• _Stored data entries_
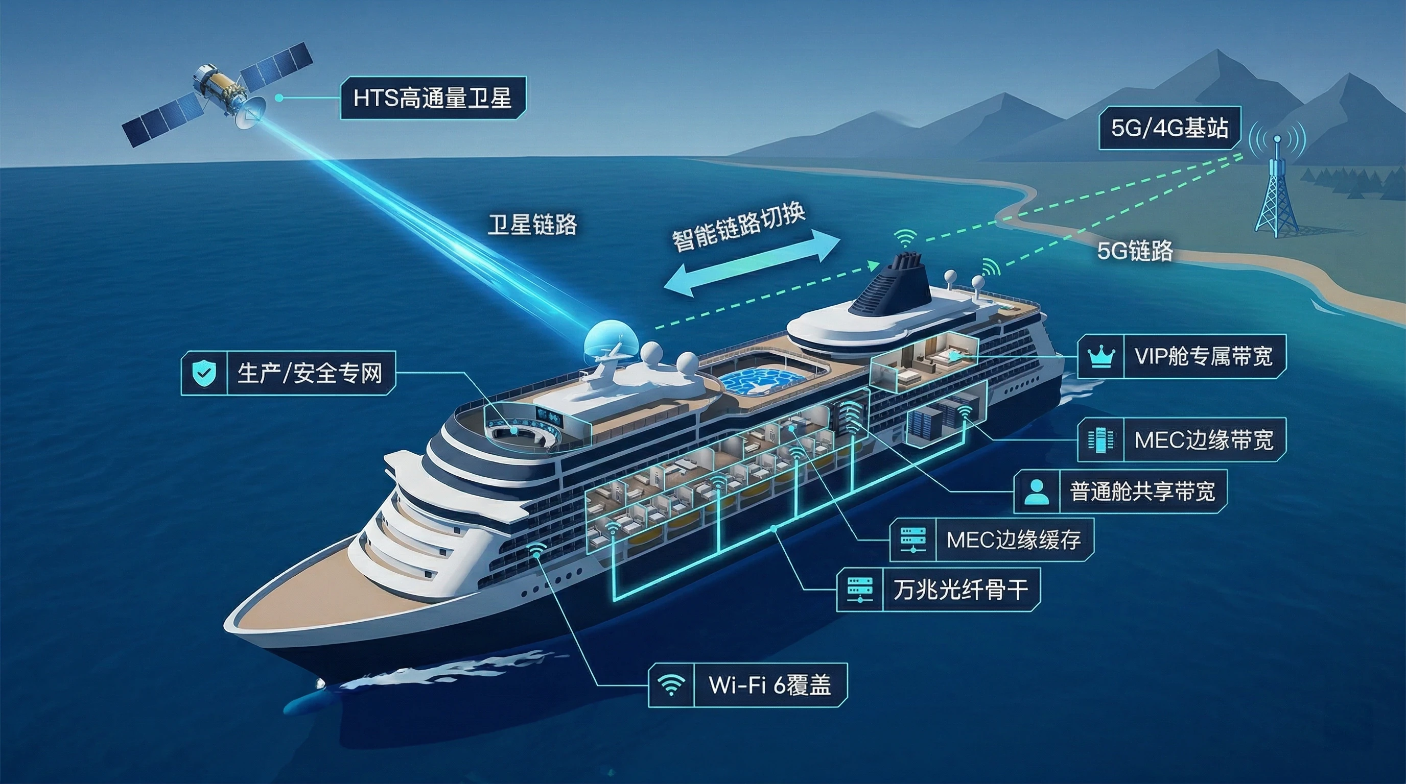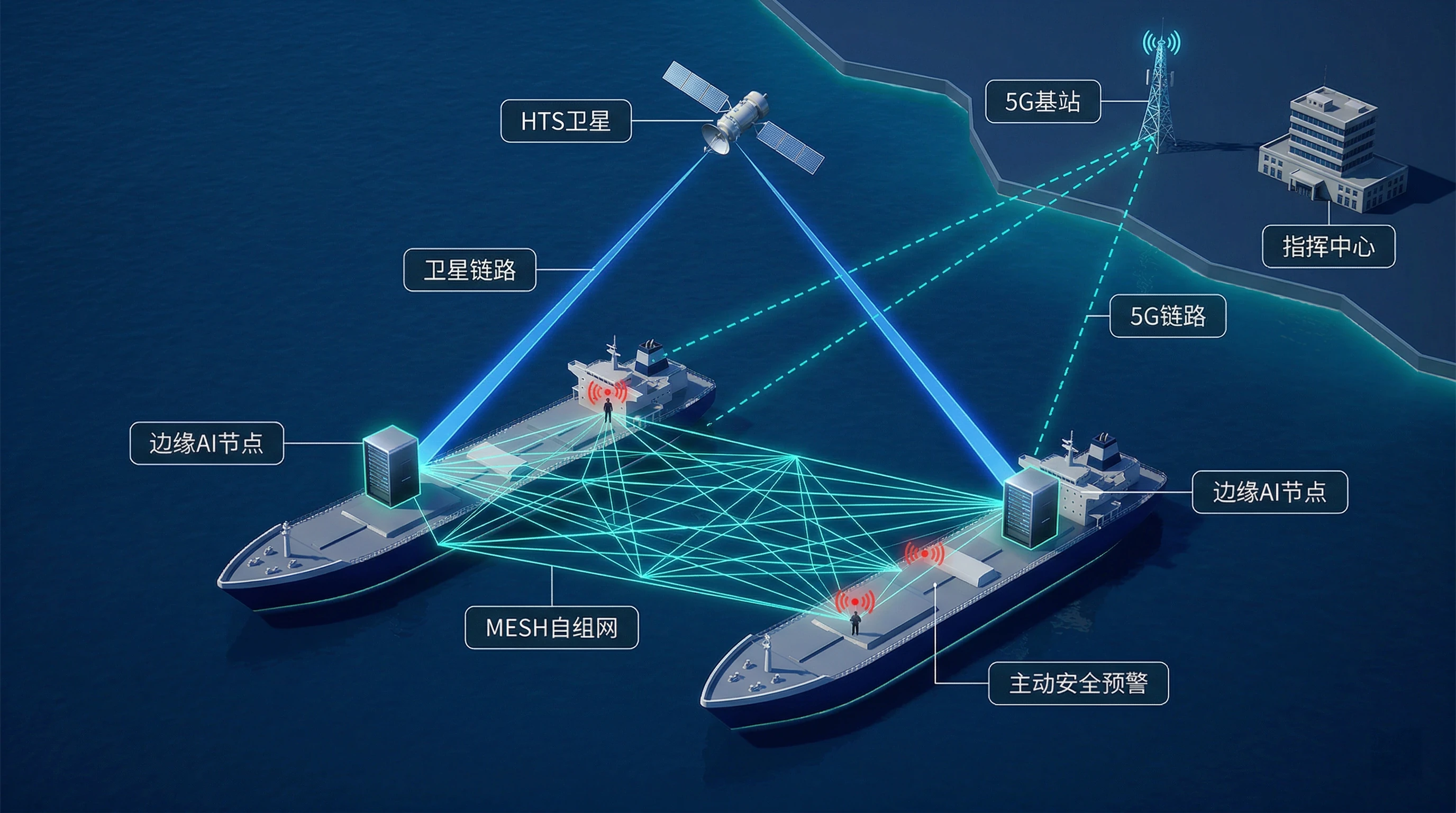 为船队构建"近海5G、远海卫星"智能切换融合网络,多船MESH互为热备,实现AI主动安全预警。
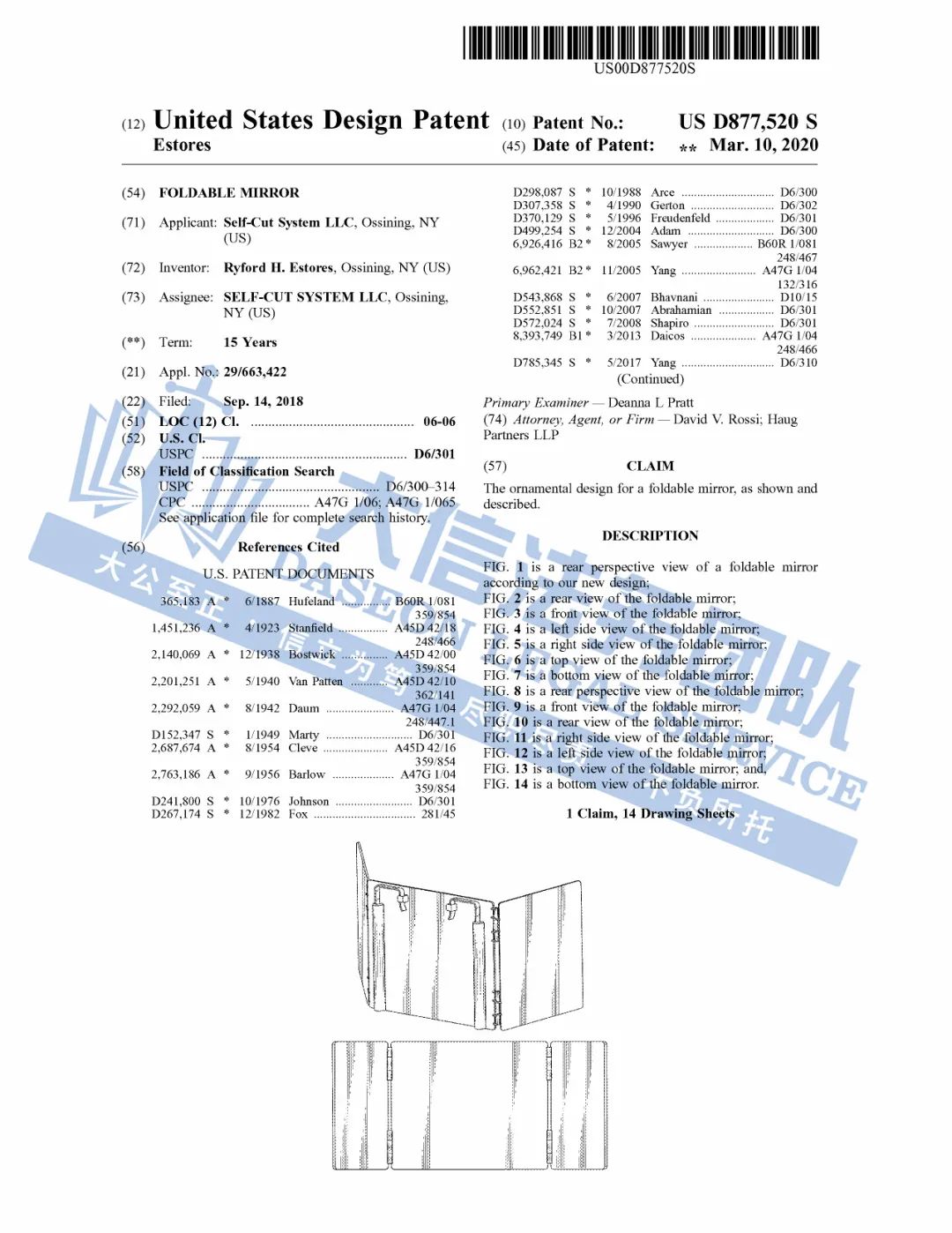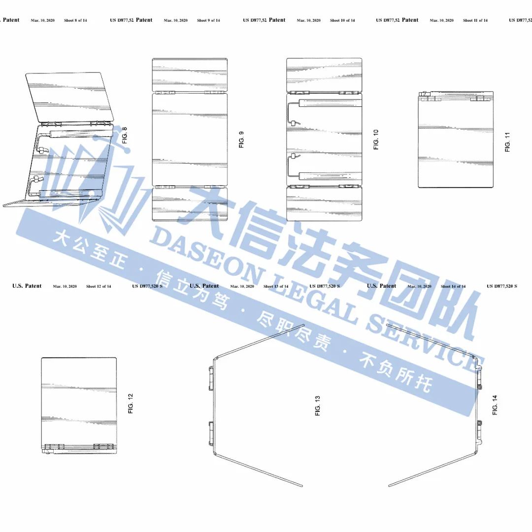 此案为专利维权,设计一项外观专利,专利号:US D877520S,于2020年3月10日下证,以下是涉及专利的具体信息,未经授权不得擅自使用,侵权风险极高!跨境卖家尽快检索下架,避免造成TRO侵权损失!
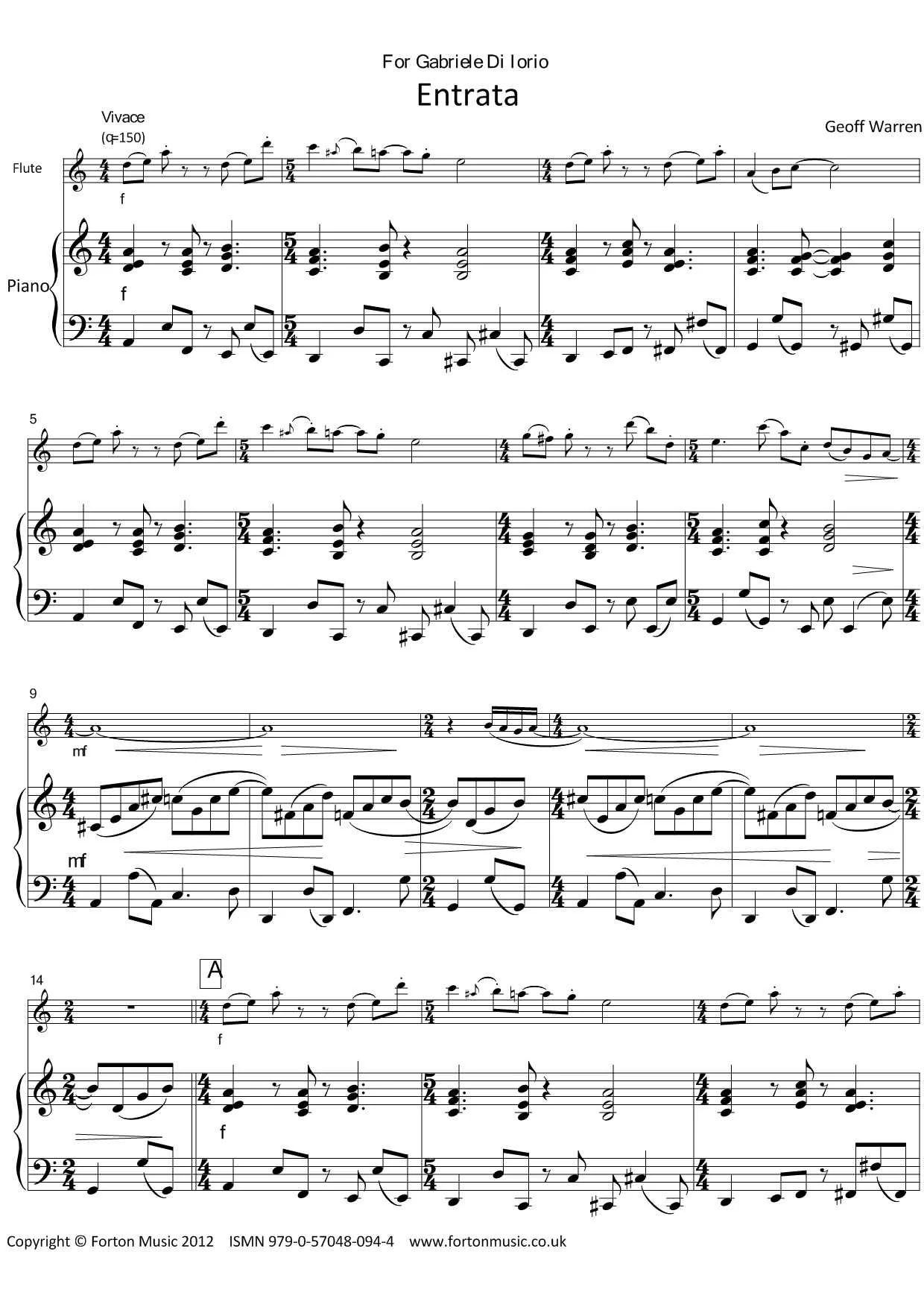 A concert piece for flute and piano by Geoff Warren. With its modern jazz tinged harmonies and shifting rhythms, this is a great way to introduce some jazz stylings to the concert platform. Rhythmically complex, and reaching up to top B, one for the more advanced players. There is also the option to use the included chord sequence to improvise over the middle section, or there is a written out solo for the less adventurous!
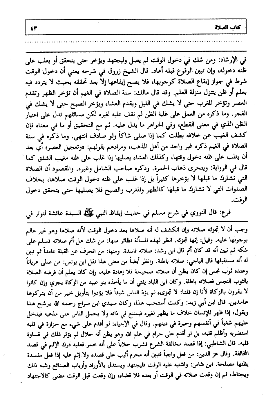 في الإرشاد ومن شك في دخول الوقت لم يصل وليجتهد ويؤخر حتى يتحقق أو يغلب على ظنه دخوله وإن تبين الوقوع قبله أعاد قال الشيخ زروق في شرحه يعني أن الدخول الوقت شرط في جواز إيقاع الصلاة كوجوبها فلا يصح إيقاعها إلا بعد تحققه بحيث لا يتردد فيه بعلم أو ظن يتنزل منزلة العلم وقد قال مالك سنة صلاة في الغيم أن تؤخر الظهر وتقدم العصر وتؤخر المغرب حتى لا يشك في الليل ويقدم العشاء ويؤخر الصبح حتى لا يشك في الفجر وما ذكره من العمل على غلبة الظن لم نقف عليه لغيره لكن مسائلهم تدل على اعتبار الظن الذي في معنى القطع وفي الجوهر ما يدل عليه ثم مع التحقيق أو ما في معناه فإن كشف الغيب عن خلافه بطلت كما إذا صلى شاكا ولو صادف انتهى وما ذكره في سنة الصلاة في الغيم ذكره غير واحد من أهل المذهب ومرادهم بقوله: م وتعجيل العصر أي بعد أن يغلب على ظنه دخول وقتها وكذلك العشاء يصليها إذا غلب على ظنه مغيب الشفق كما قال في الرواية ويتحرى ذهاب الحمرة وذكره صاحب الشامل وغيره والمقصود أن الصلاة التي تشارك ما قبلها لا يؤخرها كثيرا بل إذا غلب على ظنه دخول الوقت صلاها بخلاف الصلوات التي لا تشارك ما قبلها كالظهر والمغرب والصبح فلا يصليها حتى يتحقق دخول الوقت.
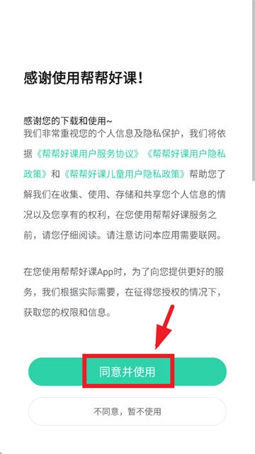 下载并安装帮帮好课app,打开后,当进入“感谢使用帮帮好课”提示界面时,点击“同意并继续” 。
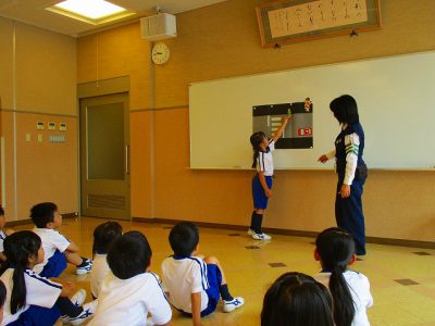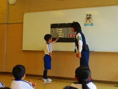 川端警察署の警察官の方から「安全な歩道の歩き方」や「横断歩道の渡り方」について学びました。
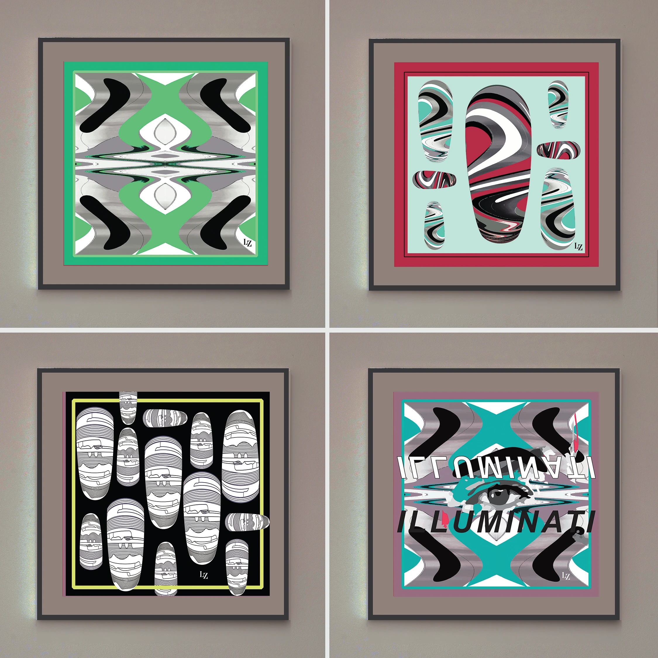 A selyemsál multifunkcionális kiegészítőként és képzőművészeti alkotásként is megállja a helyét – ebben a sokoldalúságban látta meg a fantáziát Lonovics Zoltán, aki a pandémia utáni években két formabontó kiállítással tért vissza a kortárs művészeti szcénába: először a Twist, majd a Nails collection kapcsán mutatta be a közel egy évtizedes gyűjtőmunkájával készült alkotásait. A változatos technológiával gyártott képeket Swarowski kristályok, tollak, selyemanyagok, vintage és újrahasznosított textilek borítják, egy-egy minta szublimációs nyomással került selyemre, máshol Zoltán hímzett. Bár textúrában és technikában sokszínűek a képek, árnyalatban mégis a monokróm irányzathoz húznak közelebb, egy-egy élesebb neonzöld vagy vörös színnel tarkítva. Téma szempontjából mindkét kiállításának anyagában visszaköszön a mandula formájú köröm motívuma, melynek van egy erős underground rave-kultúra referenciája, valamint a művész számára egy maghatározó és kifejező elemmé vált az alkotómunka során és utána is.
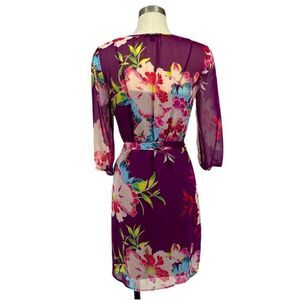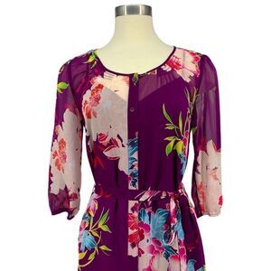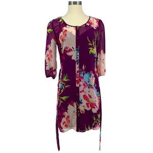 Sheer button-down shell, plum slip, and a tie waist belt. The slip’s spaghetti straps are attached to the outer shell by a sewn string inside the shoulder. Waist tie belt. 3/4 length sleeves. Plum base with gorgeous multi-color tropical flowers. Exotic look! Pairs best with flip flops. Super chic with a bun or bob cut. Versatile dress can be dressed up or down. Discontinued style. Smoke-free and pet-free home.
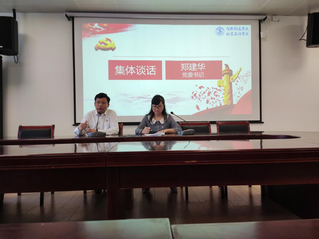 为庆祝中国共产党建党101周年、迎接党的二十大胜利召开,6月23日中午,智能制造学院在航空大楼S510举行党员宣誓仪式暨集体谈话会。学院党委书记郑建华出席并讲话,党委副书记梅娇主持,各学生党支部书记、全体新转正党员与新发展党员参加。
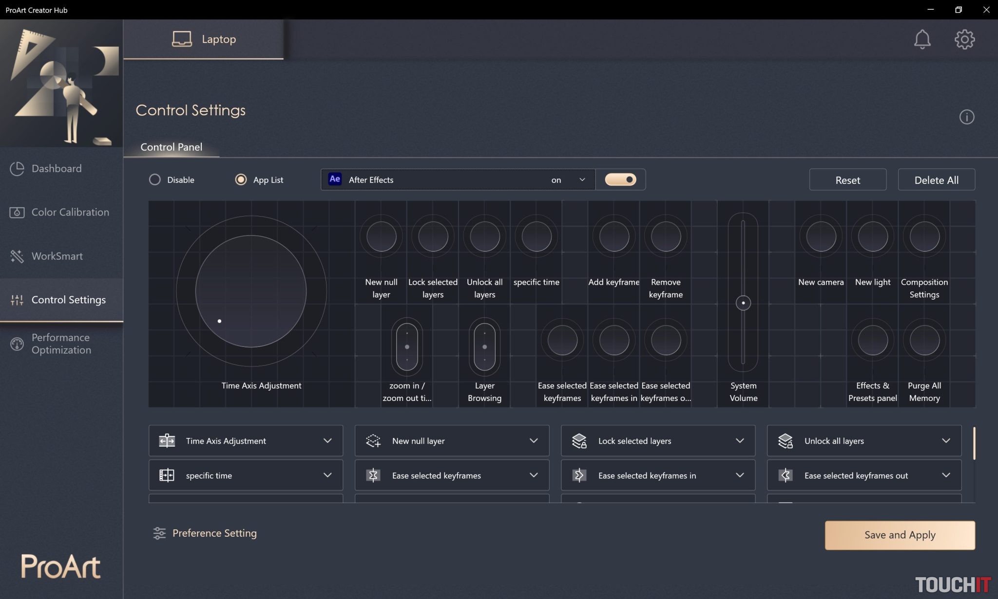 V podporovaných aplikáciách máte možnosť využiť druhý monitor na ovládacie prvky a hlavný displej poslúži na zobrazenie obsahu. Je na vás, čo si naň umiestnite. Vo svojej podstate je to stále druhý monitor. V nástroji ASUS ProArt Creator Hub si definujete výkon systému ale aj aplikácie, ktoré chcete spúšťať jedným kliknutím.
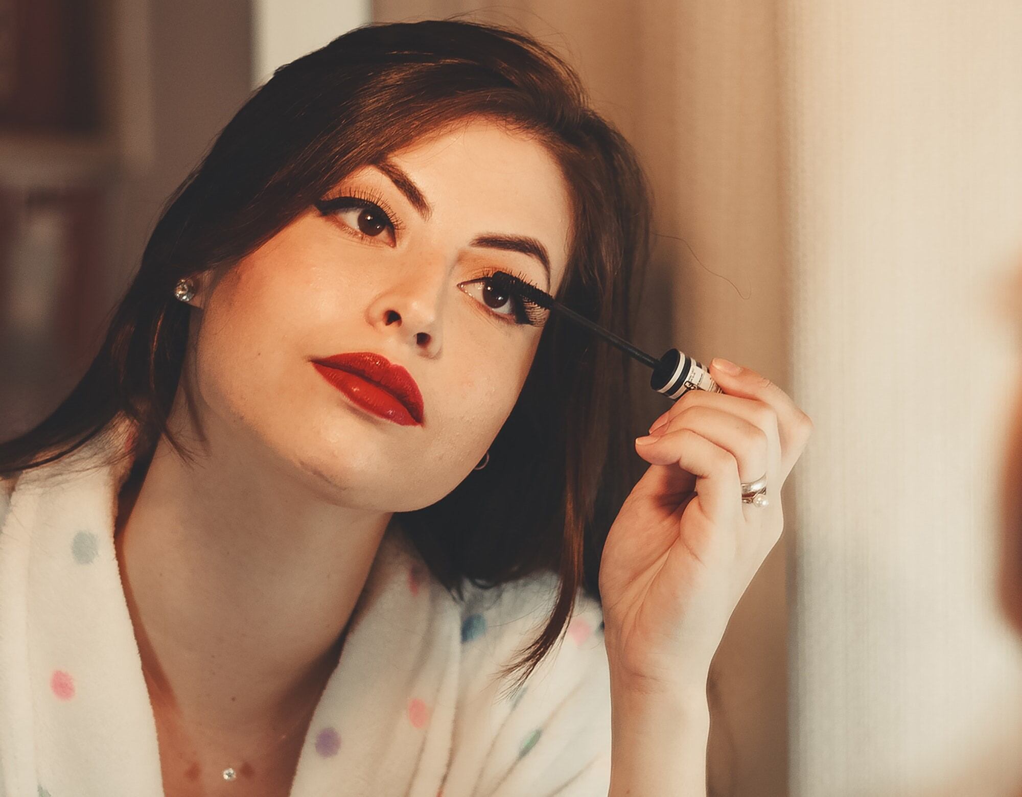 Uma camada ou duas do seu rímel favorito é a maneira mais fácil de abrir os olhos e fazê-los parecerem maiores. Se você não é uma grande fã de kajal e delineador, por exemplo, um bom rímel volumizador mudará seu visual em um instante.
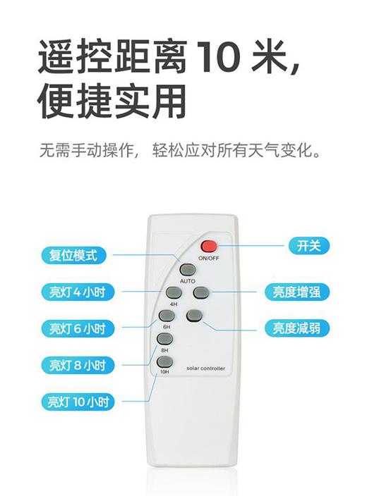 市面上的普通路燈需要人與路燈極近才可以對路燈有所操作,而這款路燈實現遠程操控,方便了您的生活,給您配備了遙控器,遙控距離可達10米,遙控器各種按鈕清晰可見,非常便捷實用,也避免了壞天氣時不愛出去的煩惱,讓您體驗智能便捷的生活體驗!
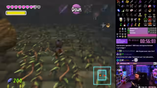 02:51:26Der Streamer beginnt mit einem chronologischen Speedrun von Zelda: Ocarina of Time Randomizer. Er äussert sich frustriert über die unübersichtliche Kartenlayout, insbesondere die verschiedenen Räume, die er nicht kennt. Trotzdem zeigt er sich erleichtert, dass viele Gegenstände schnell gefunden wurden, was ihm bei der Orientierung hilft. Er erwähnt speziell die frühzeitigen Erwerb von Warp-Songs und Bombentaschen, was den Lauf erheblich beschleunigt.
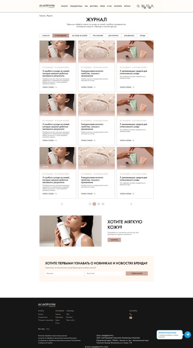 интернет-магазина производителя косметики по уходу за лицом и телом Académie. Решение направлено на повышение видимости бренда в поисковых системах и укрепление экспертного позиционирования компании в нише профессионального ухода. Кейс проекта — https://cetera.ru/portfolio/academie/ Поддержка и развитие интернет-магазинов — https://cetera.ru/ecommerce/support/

• _Your assignment_
Print, exactly and only, the lines running from the line with "V podporovaných aplikáciách máte" through the last line of the data, including both. Skip any picture.

• _Task output_
 V podporovaných aplikáciách máte možnosť využiť druhý monitor na ovládacie prvky a hlavný displej poslúži na zobrazenie obsahu. Je na vás, čo si naň umiestnite. Vo svojej podstate je to stále druhý monitor. V nástroji ASUS ProArt Creator Hub si definujete výkon systému ale aj aplikácie, ktoré chcete spúšťať jedným kliknutím.
 Uma camada ou duas do seu rímel favorito é a maneira mais fácil de abrir os olhos e fazê-los parecerem maiores. Se você não é uma grande fã de kajal e delineador, por exemplo, um bom rímel volumizador mudará seu visual em um instante.
 市面上的普通路燈需要人與路燈極近才可以對路燈有所操作,而這款路燈實現遠程操控,方便了您的生活,給您配備了遙控器,遙控距離可達10米,遙控器各種按鈕清晰可見,非常便捷實用,也避免了壞天氣時不愛出去的煩惱,讓您體驗智能便捷的生活體驗!
 02:51:26Der Streamer beginnt mit einem chronologischen Speedrun von Zelda: Ocarina of Time Randomizer. Er äussert sich frustriert über die unübersichtliche Kartenlayout, insbesondere die verschiedenen Räume, die er nicht kennt. Trotzdem zeigt er sich erleichtert, dass viele Gegenstände schnell gefunden wurden, was ihm bei der Orientierung hilft. Er erwähnt speziell die frühzeitigen Erwerb von Warp-Songs und Bombentaschen, was den Lauf erheblich beschleunigt.
 интернет-магазина производителя косметики по уходу за лицом и телом Académie. Решение направлено на повышение видимости бренда в поисковых системах и укрепление экспертного позиционирования компании в нише профессионального ухода. Кейс проекта — https://cetera.ru/portfolio/academie/ Поддержка и развитие интернет-магазинов — https://cetera.ru/ecommerce/support/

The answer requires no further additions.